Required action: Only the stretch below from the line holding "Great log cabin" through the line holding "ふっくらウール 大判ストール(チェック) 60×200cm・黒チェック" should be restated, word for word and with both ends included; pictures stay out.

(Records from a dataset)
────────────────────
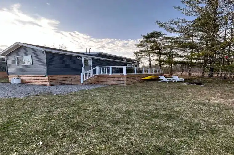 WOW! WOW! WOW! – SELLER WILL PAY YOUR 2025 SEASON PARK FEE AND YOUR RESERVED DOCK FEE FOR 2025 !! ALL YOU HAVE TO DO IS MOVE IN !! Start packing !!! This cottage sits on a very private well treed premium lot. It is a very modern, bright and inviting 3 bedroom cottage built by Woodland Park in 2021 sits on a very private wooded, premium lot. It includes many top-end features such as centre kitchen island with s/s appliances, entertainment centre in living room with electric fireplace, primary bedroom with queen size bed with built in cabinetry and 2 secondary bedrooms with extra long bunk beds, high ceilings, lots of windows and an abundance of storage so bring the family! The 300 sq ft deck made of pressure treated wood and an upgraded glass railing is perfect for outdoor entertaining and BBQ’S with family & friends. Bonus, Sellers will throw in the patio dining set and the new BBQ! Enjoy all the resort amenities including the inground pool, recreation centre, boat launch, hiking and ATV trails, on-site store, on-site laundry facilities, multi sports court for road hockey, pickle ball, tennis, basketball, play horse shoes & more. Don’t forget to go to the beach, go fishing, canoe, paddle board, kayak, watch live concerts, fireworks, Christmas in July & Halloween in the park. When you are not playing you can rest comfortably with a 45,000 BTU high efficiency furnace, central a/c, 20 GAL electric and gas water heater, 30 year shingles, premium vinyl siding, energy-star-rated thermo-pane vinyl windows. This is a 3 season park (open May to Oct), owned and operated by Summerhill Resorts. A stunning waterfront park with controlled gate access & is pet friendly. All mobile/cottages, No RVs. Land lease Fees include water, waste, guest passes, unlimited use of amenities, lawn maintenance, on site staff support. Enjoy all the perks and upmost privacy of a private cottage with the social benefits of a resort lifestyle without the cottage price tag!
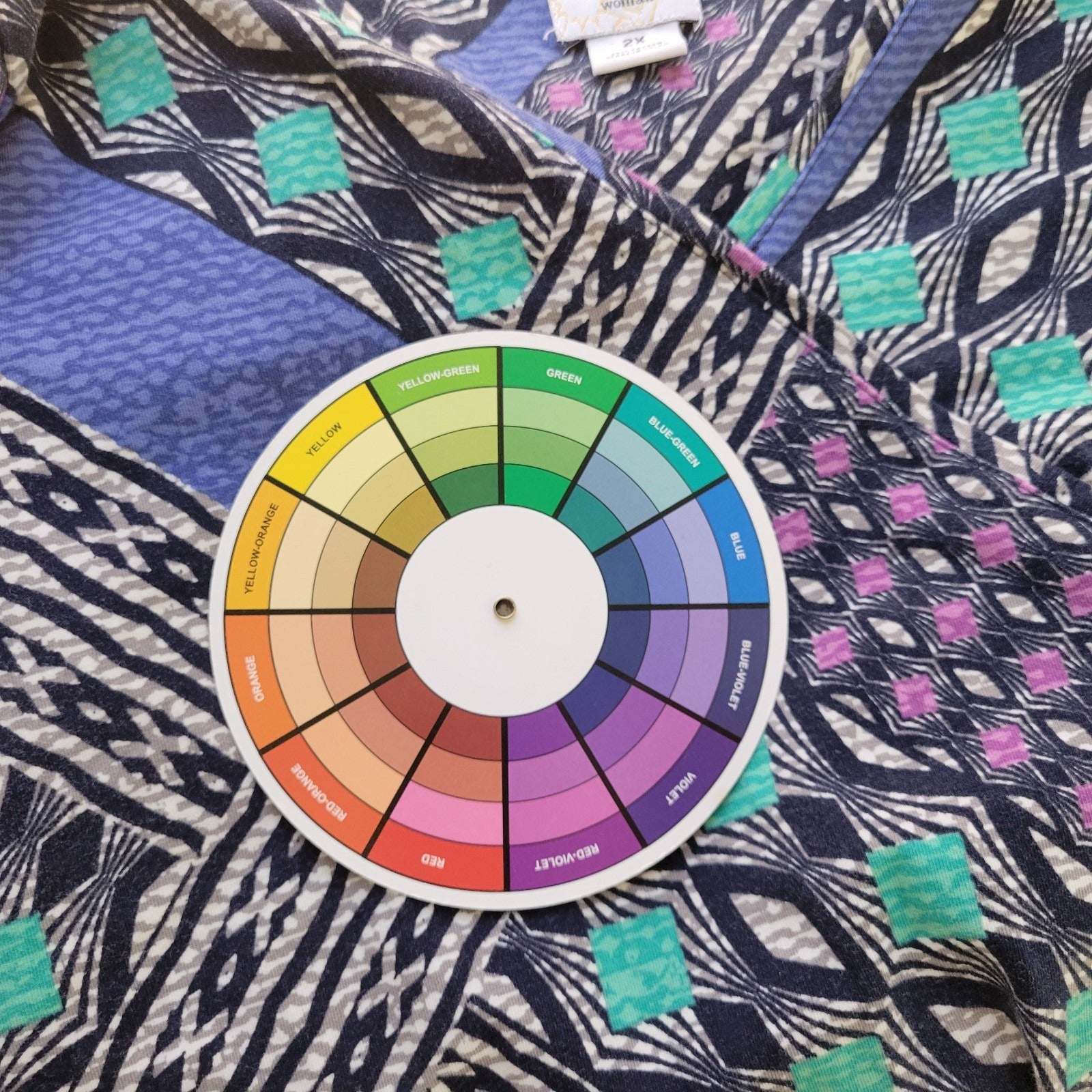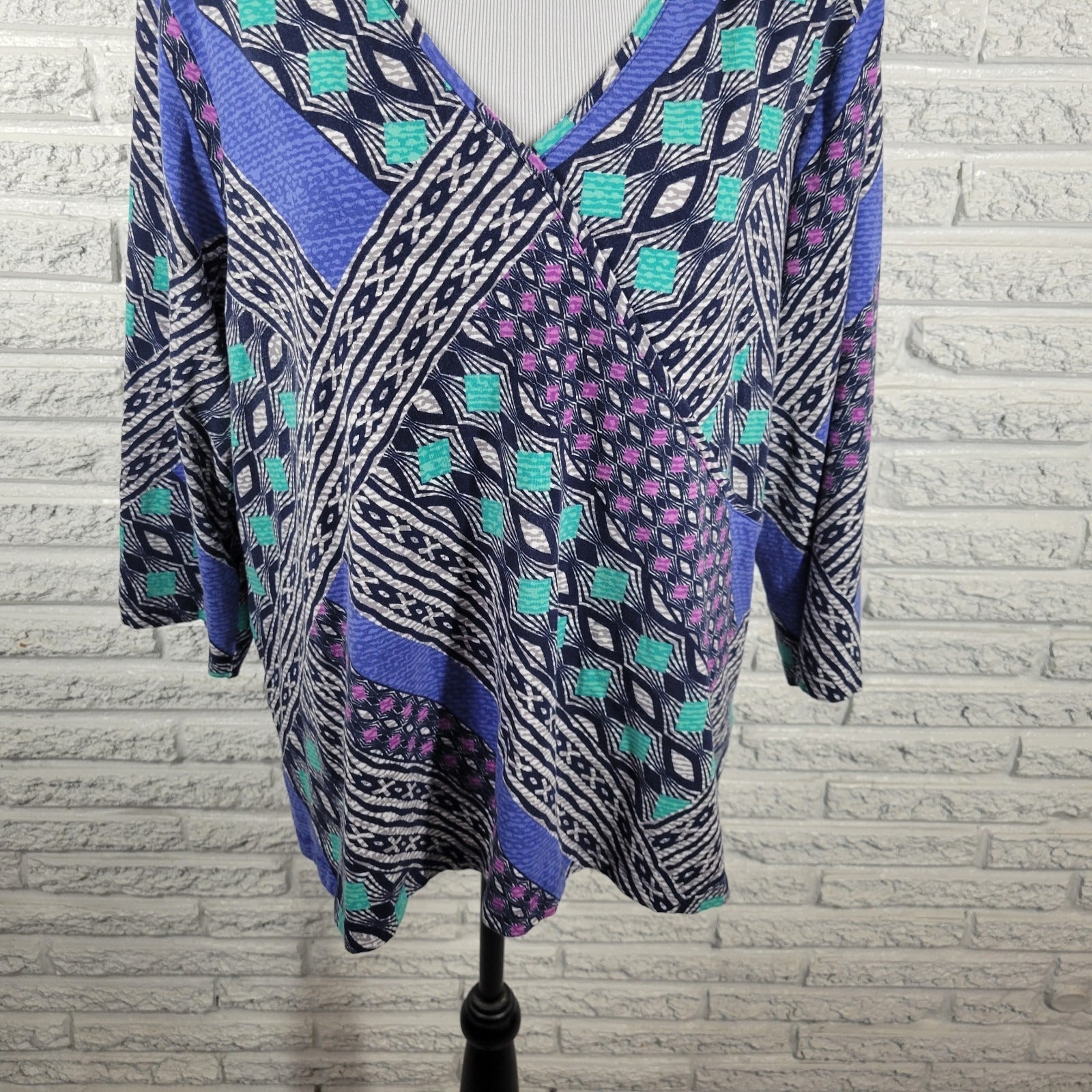 Ruby Rd Womens Top 2X Plus 3/4 Sleeve Blue Geometric Cotton Blend Casual Comfy
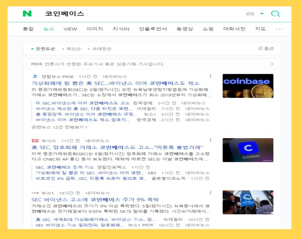 며칠 전 바이낸스에 이어 코인베이스도 SEC에 의해 고소당했다고 합니다.
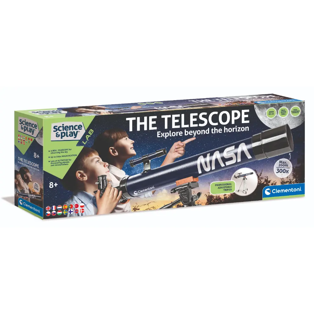 An actual NASA telescope for observing the moon, the stars and the night sky! Comes with a 50 mm lens and interchangeable eyepieces for different magnification effects! The telescope has a tripod that can be extended up to 130 cm! Perfect for every situation!The telescope has a tripod that can be extended up to 130 cm! The illustrated manual helps the child to understand astronomy principles. The ideal game for introducing children to astronomy in an easy and fun way.
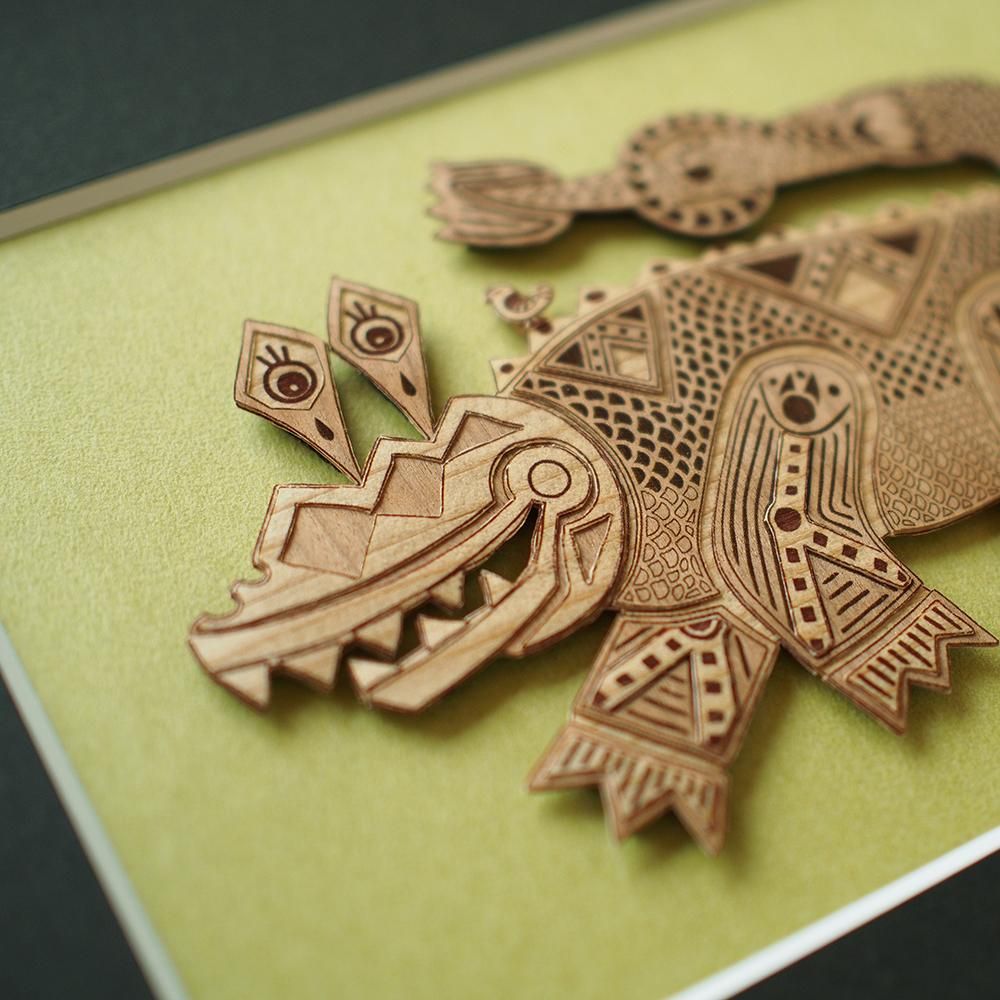 ちょっと不思議な森の中、冒険に出かけてみませんか?素敵な出会いがありそうです。土台のみ紙ですが、あとは全部木を貼り重ねてつくります。
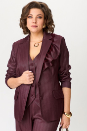 Стильный брючный комплект-тройка с широкими брюками подчеркнет Вашу женственность и придаст образу элегантность. Однобортный жакет полуприталенного силуэта, на подкладке, с плечевыми накладками. Воротник пиджачного типа с отложными лацканами. По переду центральная застежка на петли и пуговицы и прорезные карманы с клапаном, талиевые вытачки и рельефы. Полочку жакета украшает декоративная съемная рюша на пуговицах. Низ бортов закругленной формы. Спинка со средним швом и рельефами. Рукав втачной двухшовный длинный. Жилет прилегающего силуэта с центральной бортовой застежкой на петли и пуговицы, на подкладке. Вырез горловины V-образной формы. Перед - с талиевыми вытачками и прорезными карманами с листочкой. Спинка со средним швом и талиевыми вытачками. Широкие брюки с высокой посадкой, с поясом на резинке. В боковых швах имеются функциональные наклонные карманы. Длина жакета: 65 см Длина рукава: 61 см Длина жилета: 52 см Длина брюк (с поясом): 114 см
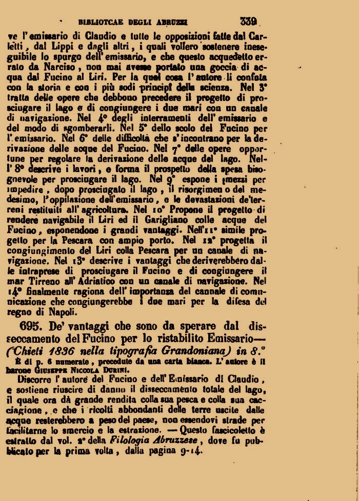 695. De' vantaggi che sono da sperare dal disseccamento del Fucino per lo ristabilito Emissario— ('Chieti 1836 nella tipografia GrandonianaJ in 8.°
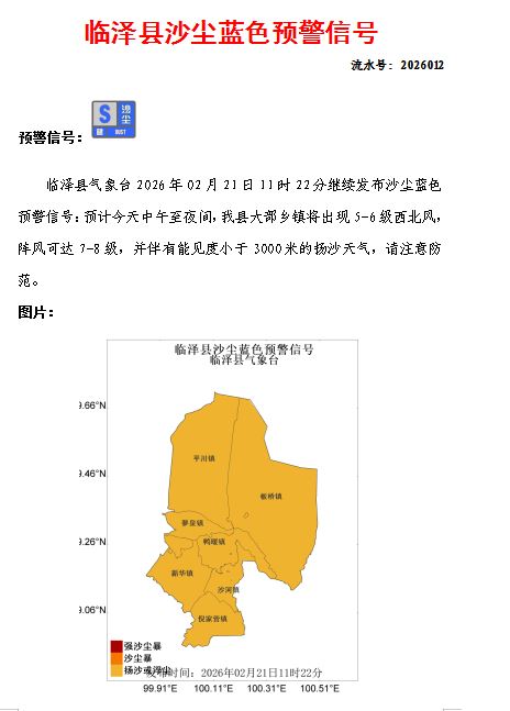 临泽县气象台2026年02月21日11时22分继续发布沙尘蓝色预警信号(确认)(2026012)
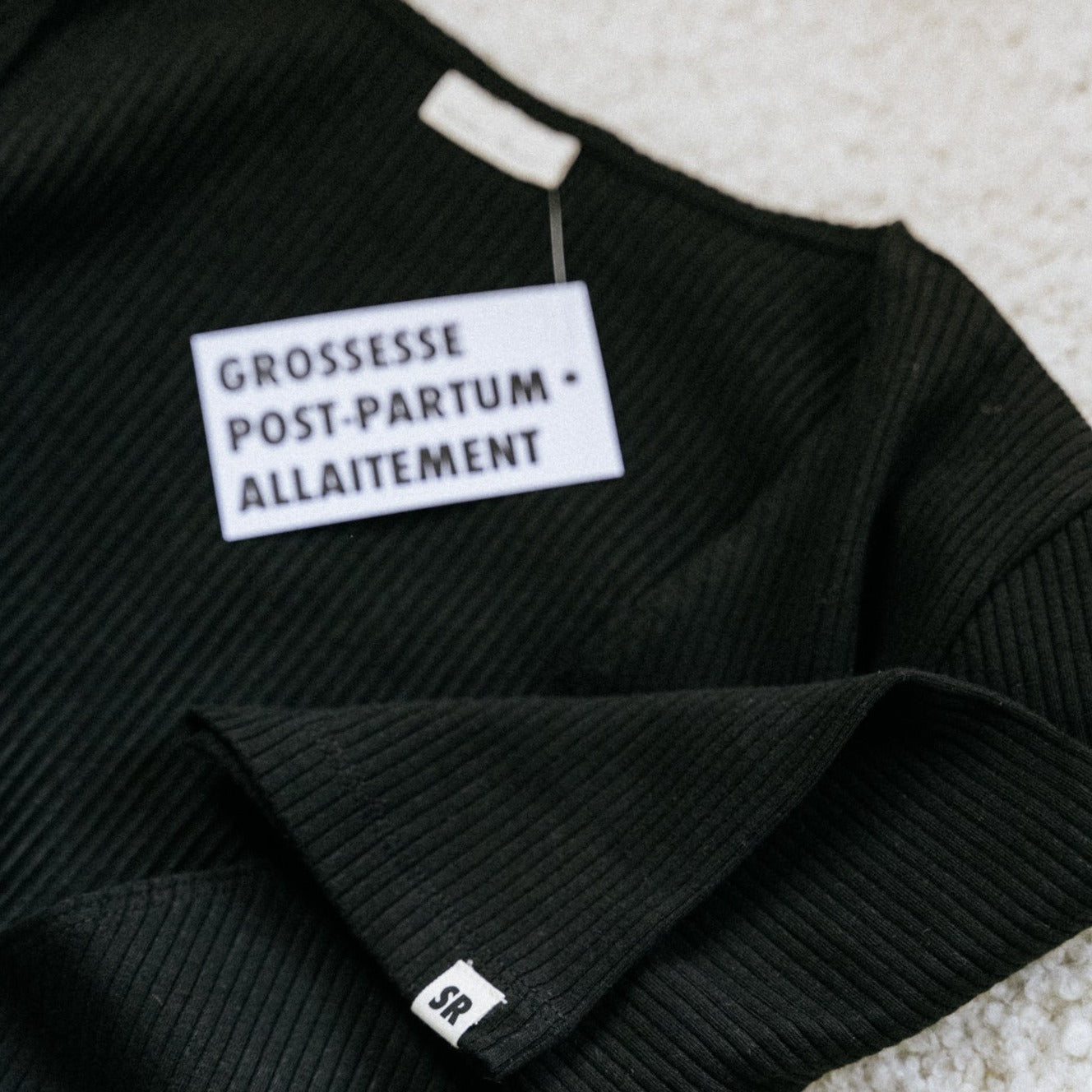 Studio Romeo launches a maternity capsule for pregnant and postpartum women! This t-shirt can be worn throughout pregnancy and even after thanks to its wrap-over opening that allows you to breastfeed easily. A new must-have that combines comfort and femininity.
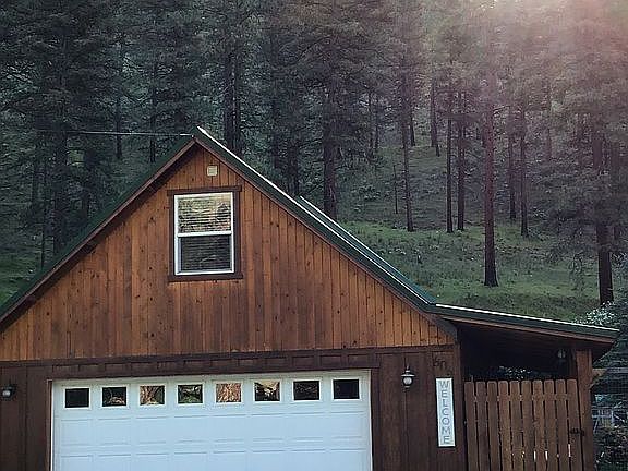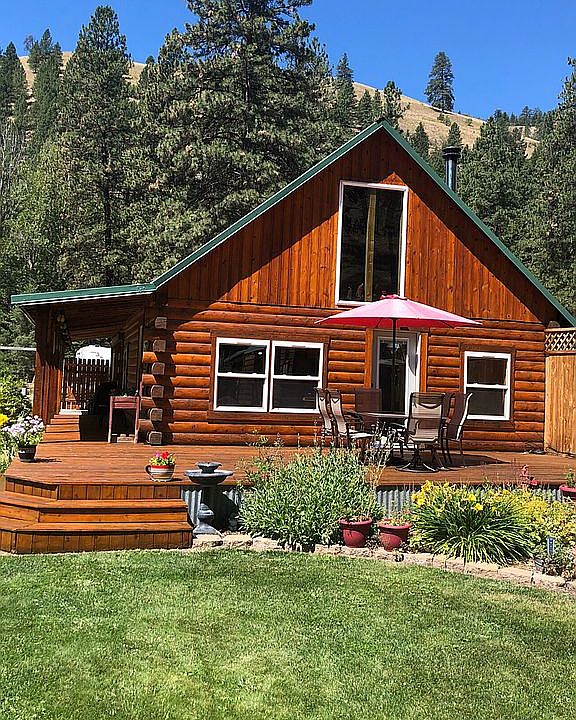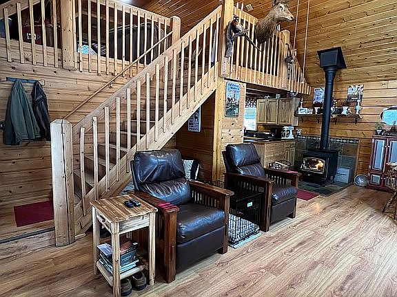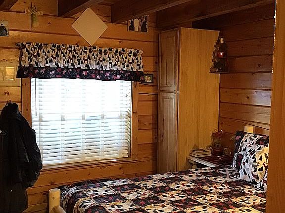 Great log cabin with vaulted ceilings and attached two car garage. One bedroom on main floor and upstairs office is currently used as the second bedroom. Private deck out back. Private 2 connection well. Outbuildings and garden area. Lot size is approx. 66’ wide by 174’ deep.
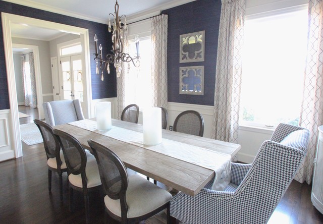 Transitional Dining Room Features Upper Walls Clad In Gray
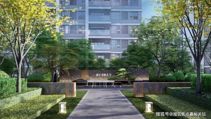 以多种名贵植物的阵列形式,打造星级酒店式入户门仪,同时高层及洋房单元入口更设有约0.9m的高景墙,沉稳质感,营造摩登奢雅的尊崇体验。
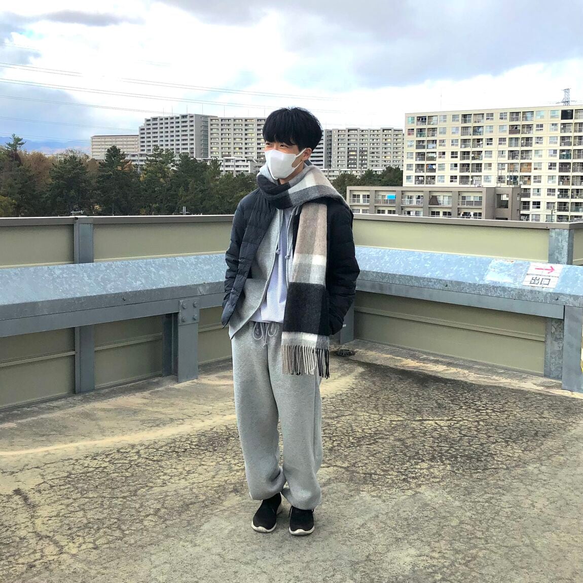 ふっくらウール 大判ストール(チェック) 60×200cm・黒チェック
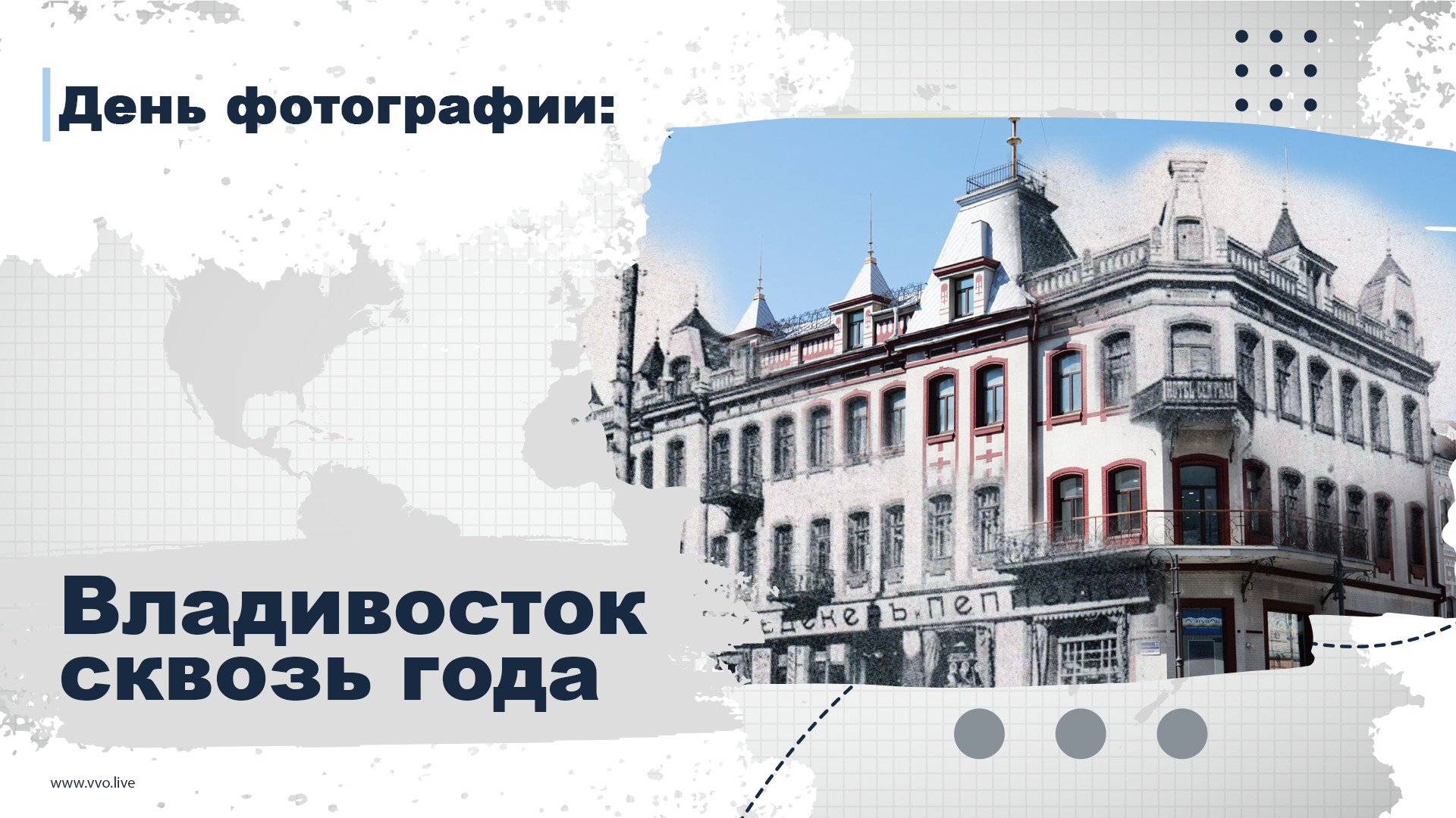 19 августа весь мир празднует День фотографии. Для каждого человека фото несет разный посыл. Кто-то с помощью фото старается запечатлеть момент, кто-то делает фото искусством, а «Вечерний Владивосток» решил взглянуть сквозь призму времени, посмотреть на родной город сквозь года с помощью фотографии и рассказать о достопримечательностях Владивостоке через эксклюзивные кадры! Оставь свой комментарий, подпишись на наш канал и включи уведомления, чтобы не пропустить новые видео! «Вечерний Владивосток»: Официальный сайт — https://vvo.live/ ВКонтакте — https://vk.com/vvo.live Telegram — https://t.me/vvolife Oдноклассники — https://ok.ru/vvo.live
────────────────────
Output:
 Great log cabin with vaulted ceilings and attached two car garage. One bedroom on main floor and upstairs office is currently used as the second bedroom. Private deck out back. Private 2 connection well. Outbuildings and garden area. Lot size is approx. 66’ wide by 174’ deep.
 Transitional Dining Room Features Upper Walls Clad In Gray
 以多种名贵植物的阵列形式,打造星级酒店式入户门仪,同时高层及洋房单元入口更设有约0.9m的高景墙,沉稳质感,营造摩登奢雅的尊崇体验。
 ふっくらウール 大判ストール(チェック) 60×200cm・黒チェック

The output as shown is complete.